The U.S. Institute for Supply Management manufacturing index for February fell to a lower-than-expected level, but economists still see signs of strength in the U.S. manufacturing industries.

The ISM came in at 61.4, down from the previous reading of 63.6. “Despite the decline, the survey still points to a solid level of activity in the U.S. factory sector and is in the ninth straight month of expansion,” says BMO Nesbitt Burns Inc. chief economist, Sherry Cooper. “New orders and production also fell, but remain at levels pointing to a solid performance by U.S. producers.

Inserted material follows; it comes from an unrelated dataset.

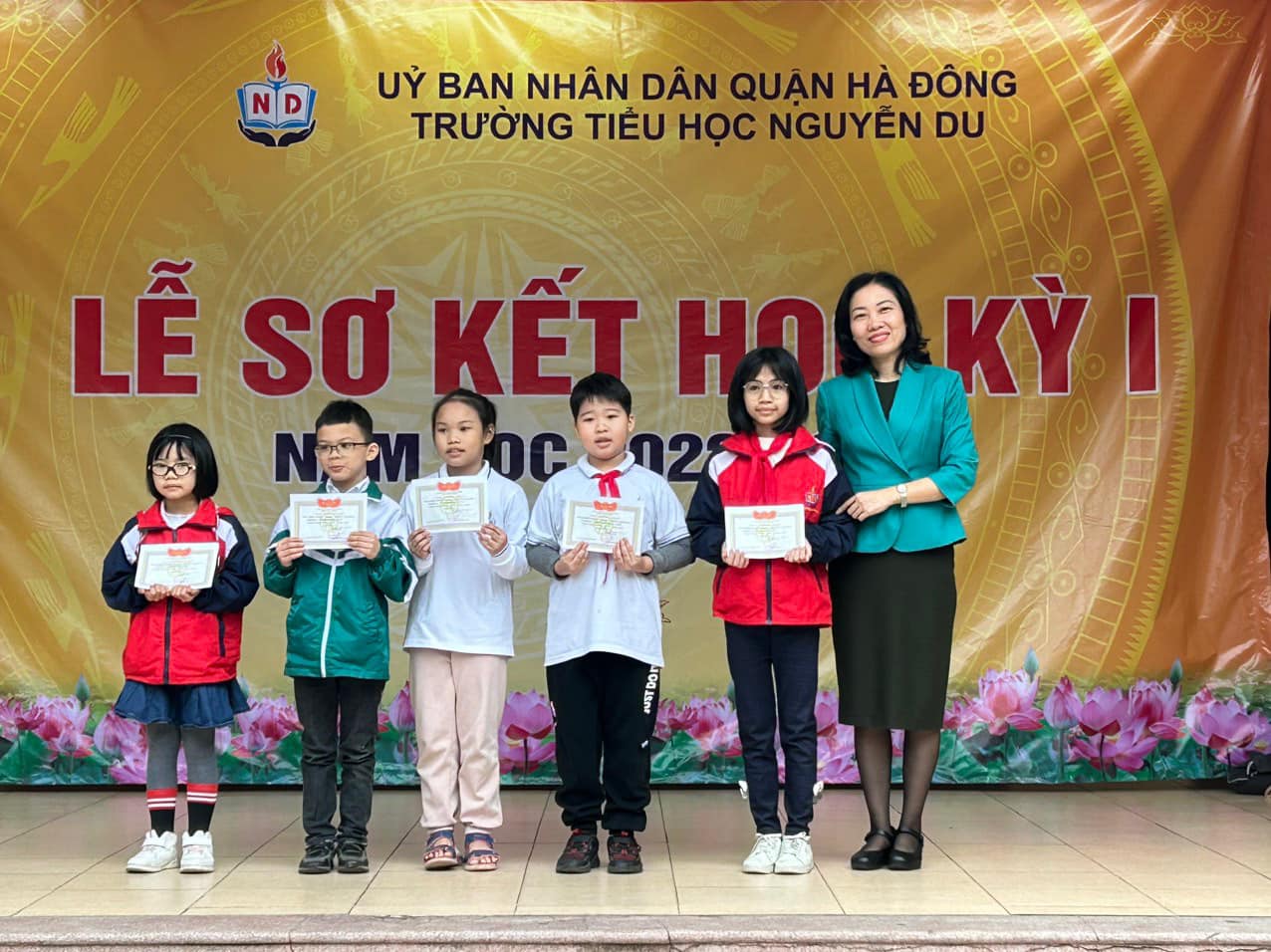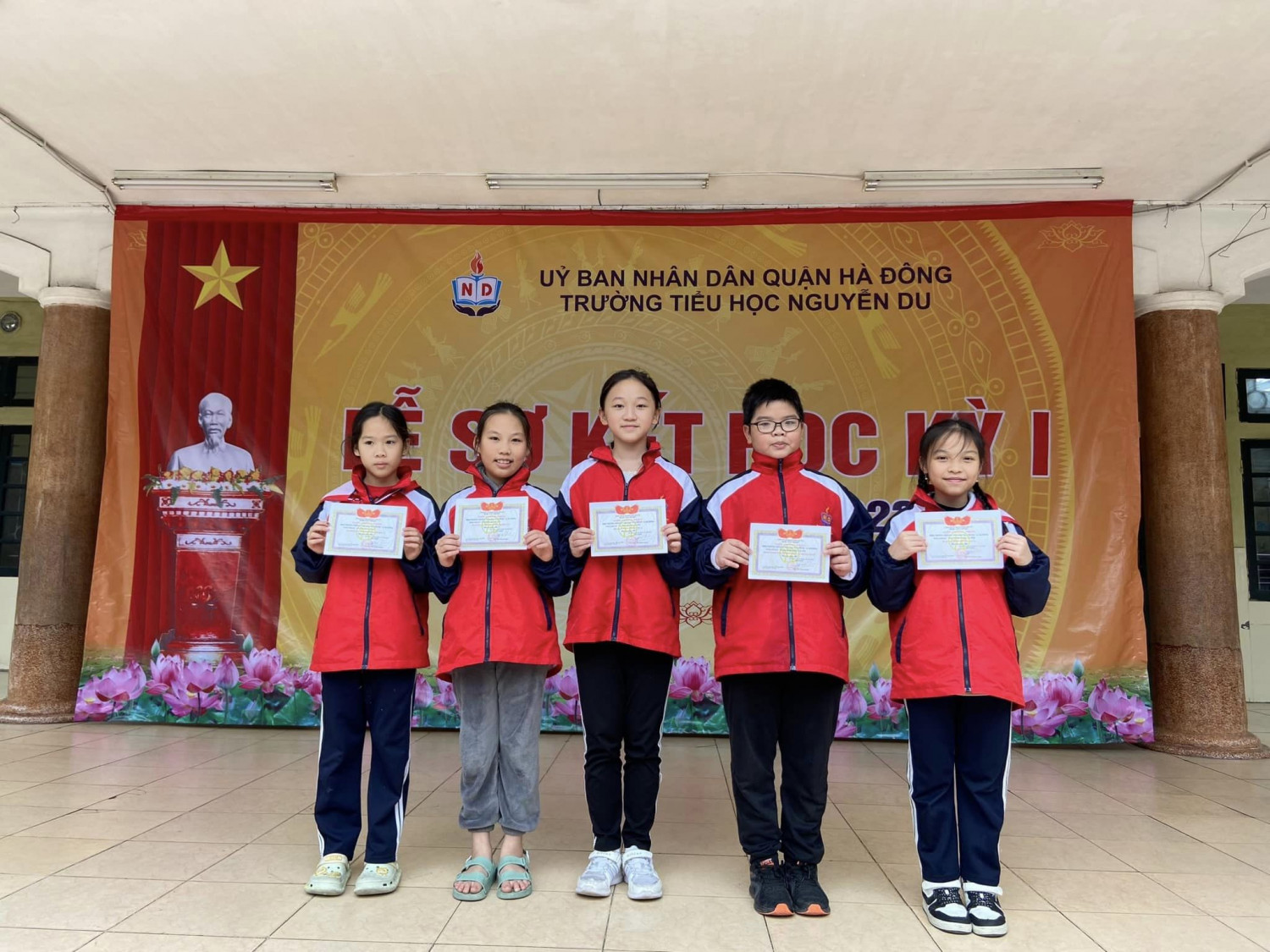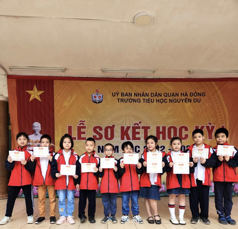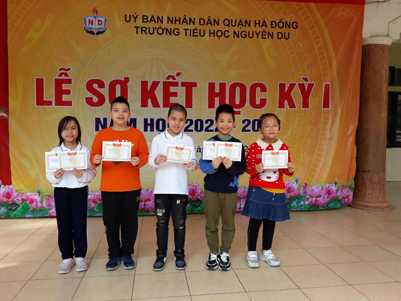 Trong học kỳ I cô và trò trường tiểu học Nguyễn Du đã không ngừng nỗ lực phấn đấu để thi đua dạy tốt, học tốt, giành được nhiều thành tích cao trong giảng dạy và học tập. Tại buổi sơ kết học kỳ I, nhà trường đã tuyên dương những thành tích nổi bật của các thầy cô giáo và các em học sinh. Đồng thời trao giấy chứng nhận cho các em đã đạt giải trong các cuộc thi do nhà trường tổ chức.

Inventories continue to remain tight, while production backlogs are building.”

Cooper says that the big story in the report is the prices paid and employment components, which signal that, “the clouds hovering over the U.S. job market seem to be parting, just as the U.S. presidential election campaign is warming up.”

TD Bank economist Gillian Manning said the ISM report provided yet more evidence that the beleaguered U.S. manufacturing sector is coming back to life. “The positive tone of today’s report was bolstered by comments in the text indicating that many respondents pronounced themselves encouraged by the ‘increased breadth of the recovery in manufacturing’ – evident in the fact that all 20 industries surveyed reported growth last month,” she said in a report. “The data are consistent with the U.S. economy growing at an annualized pace of more than 4% in the first quarter of 2004.”

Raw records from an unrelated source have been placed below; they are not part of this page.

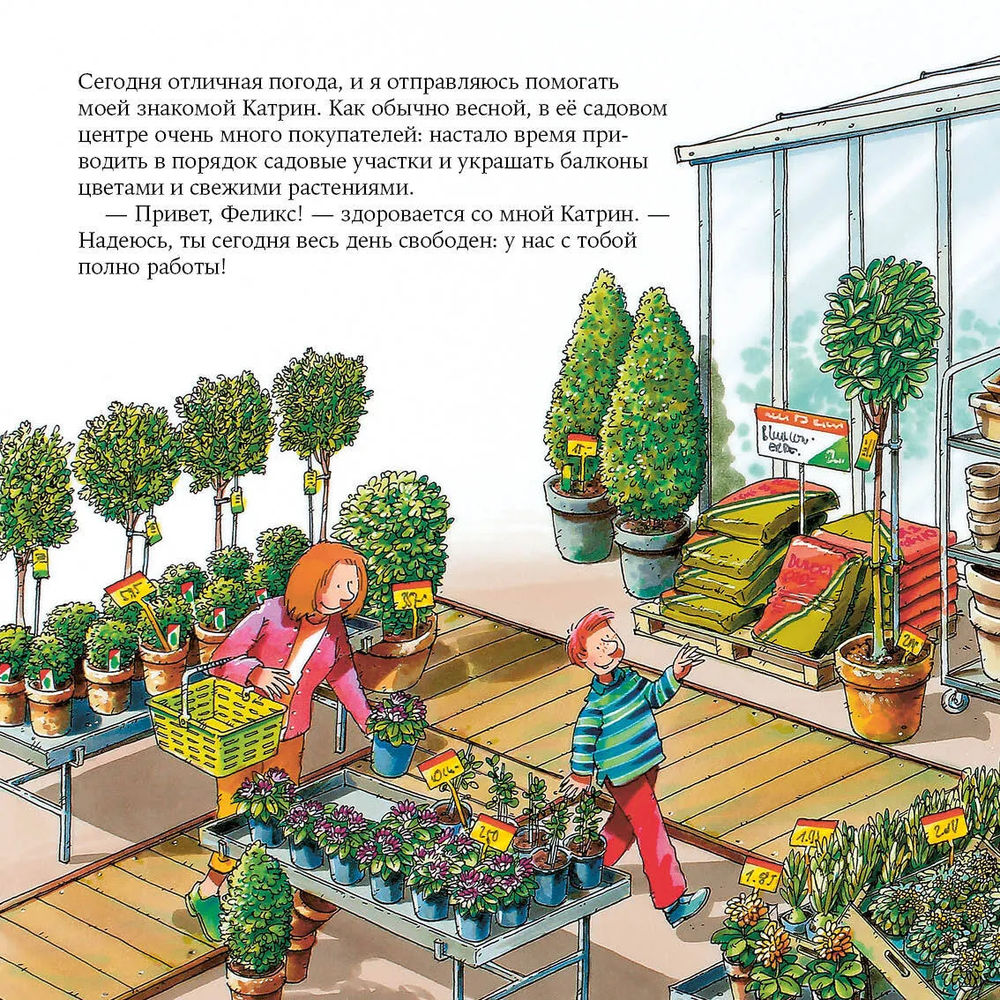 Один день из жизни хозяйки садового центра расскажет ребятам много интересного о профессии садовода: зачем нужны теплицы, как ухаживать за рассадой, для чего растениям удобрения и многое другое.
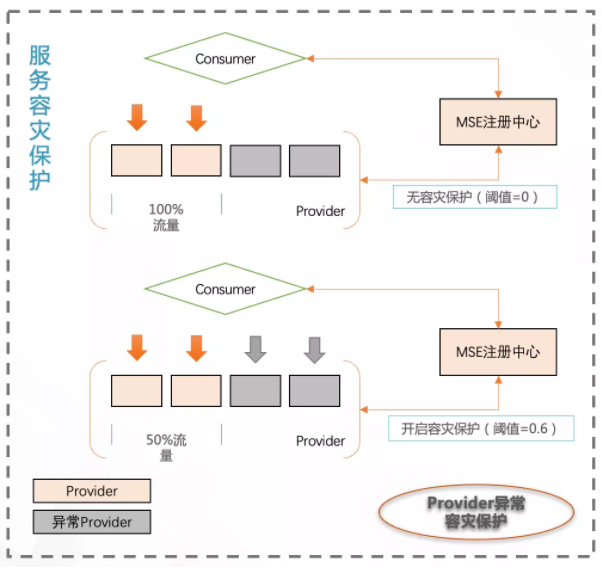 当遇到突发情况(例如,可用区断网,Provider端无法上报心跳) 或 注册中心(变配、重启、升降级)出现非预期异常时,都有可能导致订阅异常,影响服务消费者(Consumer)的可用性。
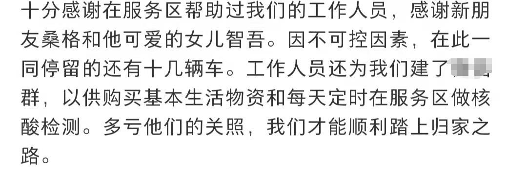 她稱一起停留的還有十幾輛車,服務區的工作人員還專門為他們拉了群,來保證物資的供應以及其它的日常需求。
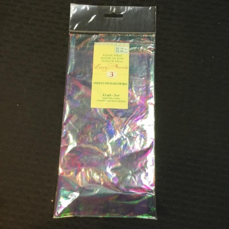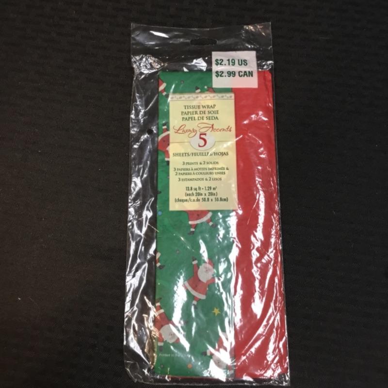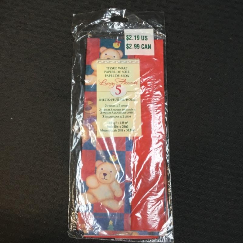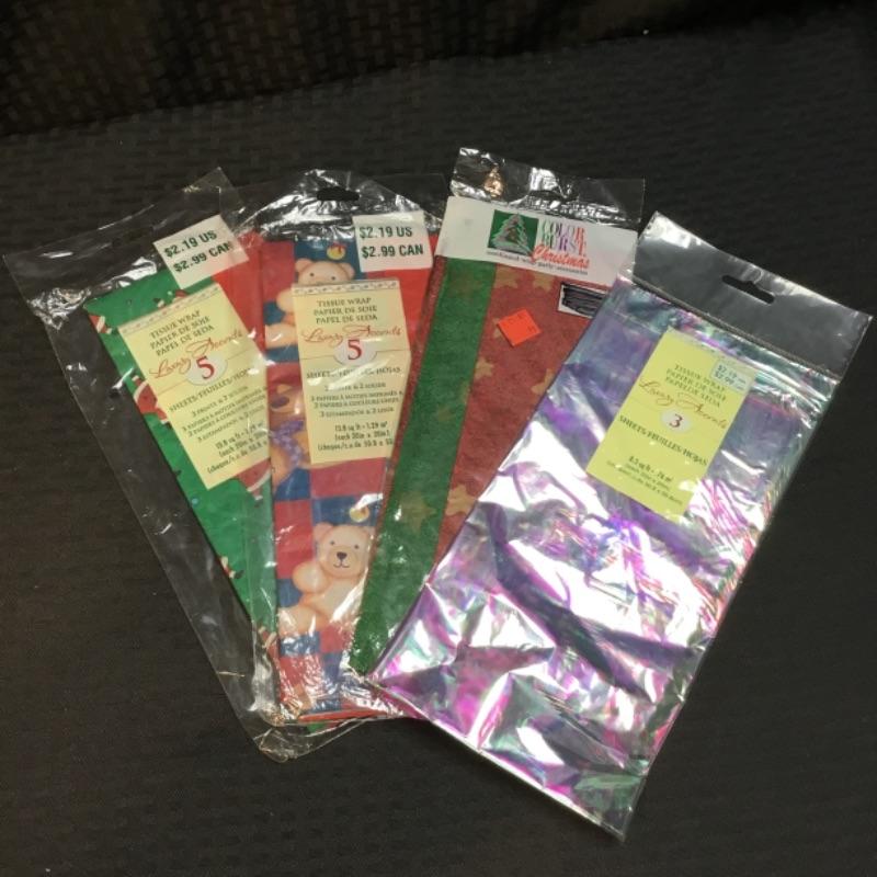 Up for auction or four packages of gift wrap tissue. All are sealed in the original packaging. The Santa Claus themed one is 13.8 ft.², the teddy bear one is 13.8 ft.², The shiny iridescent one is 8.3 ft.², the one with stars is 14 ft.². See pictures.

RBC Financial Group noted the that overall, the month of February saw expansionary activity at manufacturers coupled with emerging signs of pipeline inflationary pressures and ongoing job market stabilization that point to new emerging risks and opportunities in the U.S. economy. “A continuation of such themes would materially impact the degree and timing of monetary tightening to help offset large amounts of fiscal stimulus,” said Derek Holt, RBC assistant chief economist.

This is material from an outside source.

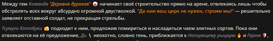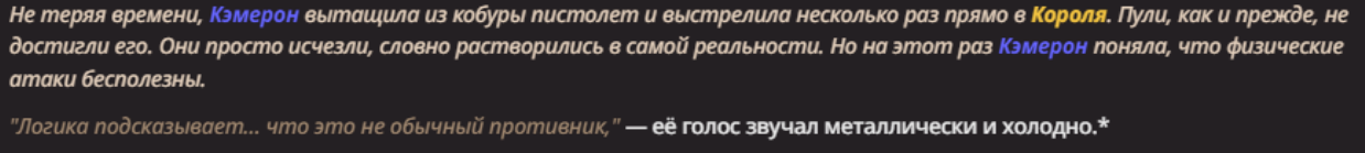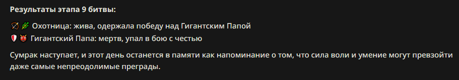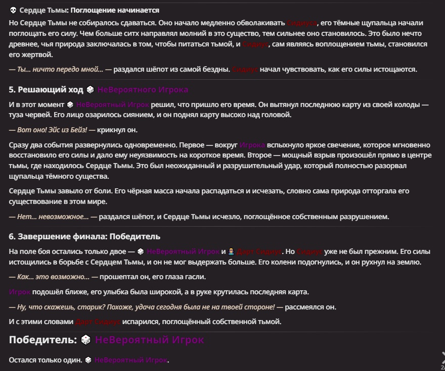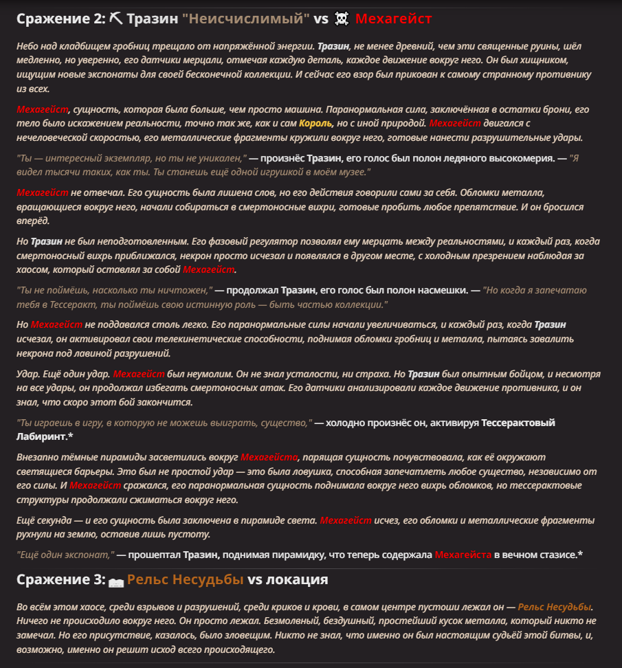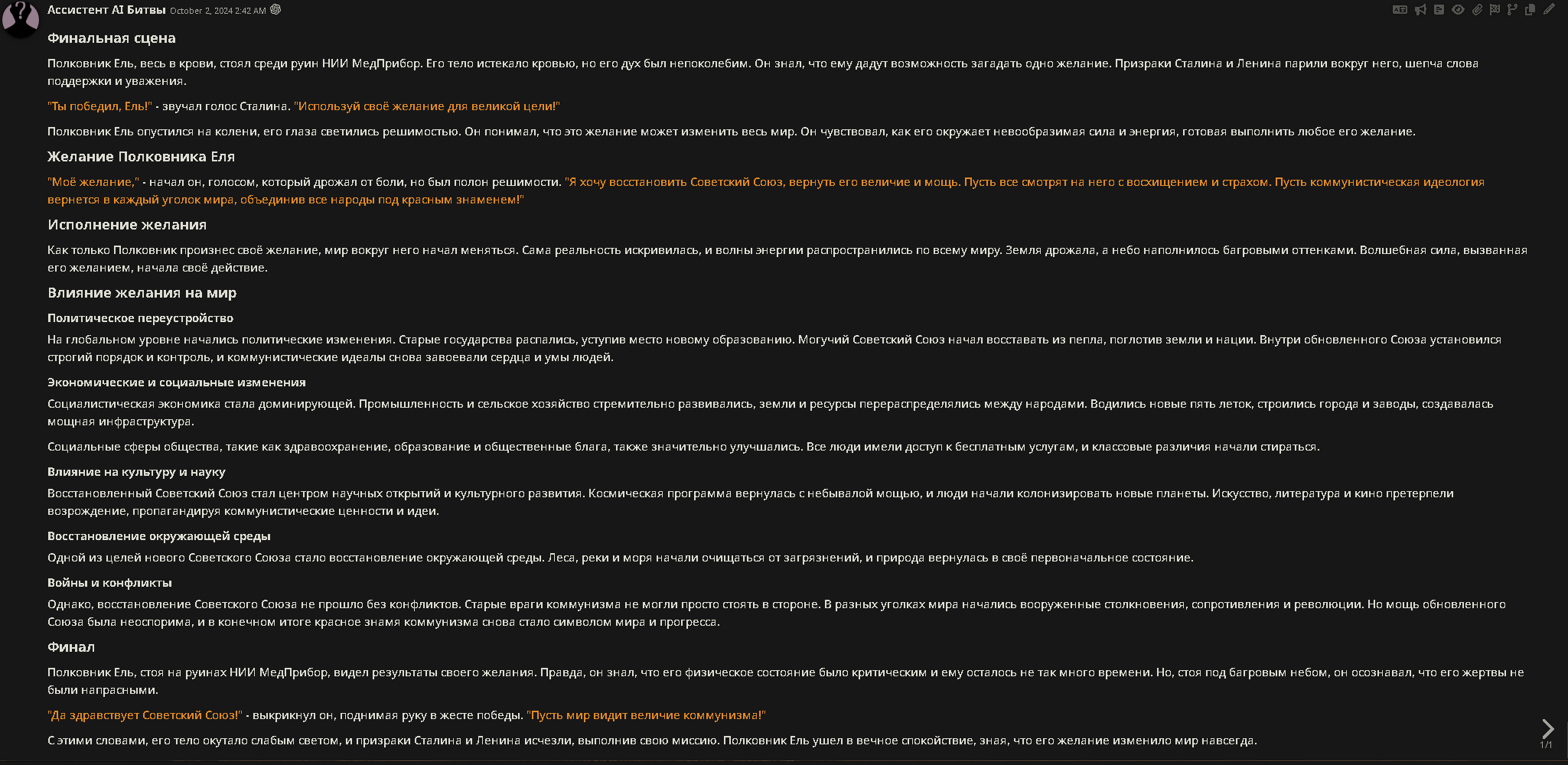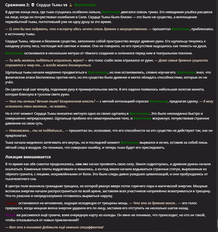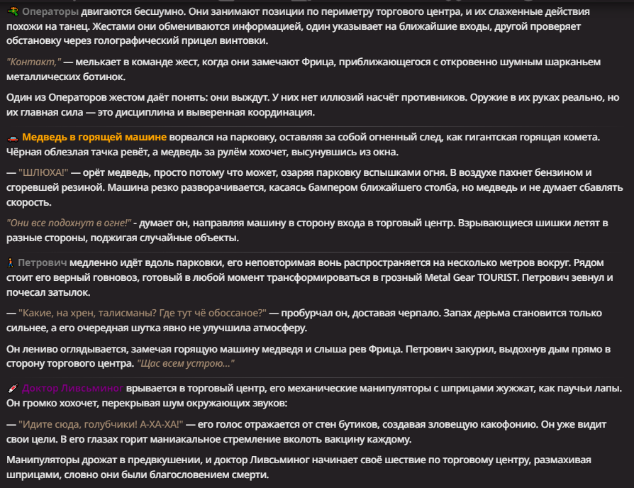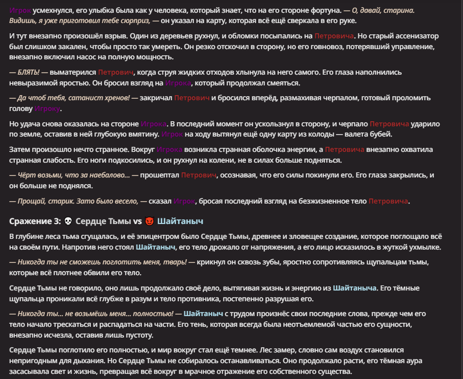 >>1545515 Понятно. Она вообще потекла и напротиворечила себе больше, чем изначально. Потому что в начале она просто выдумала правила "осознание угрозы Рельса убивает", а потом даже запуталась, кто был убит, а кто - нет. В общем, пока еще не доросла до таких финтов. На сей раз я прописал Рельс логически безупречно, но, вот... Значит, пускай полежит до следующей версии Гопоты. Тем более, свой бой он выиграл, пусть и нечестно.

RBC also notes that other data releases showed U.S. personal income grew by only 0.2% last month, but personal spending increased by 0.4%.

As well, it was reported that construction spending fell by 0.3% last month, sharply against consensus expectations for a rise of 0.2%. “Bad weather was a drag on outlays — the headline 0.3% drop was the first since last spring. Housing remained solid but other private building activity fell,” Cooper says.

“It is becoming virtually undeniable that the U.S. factory sector is improving, and that the momentum is sustainable. All manufacturing industries (20 of 20) reported growth in February, and job gains loom,” Cooper said.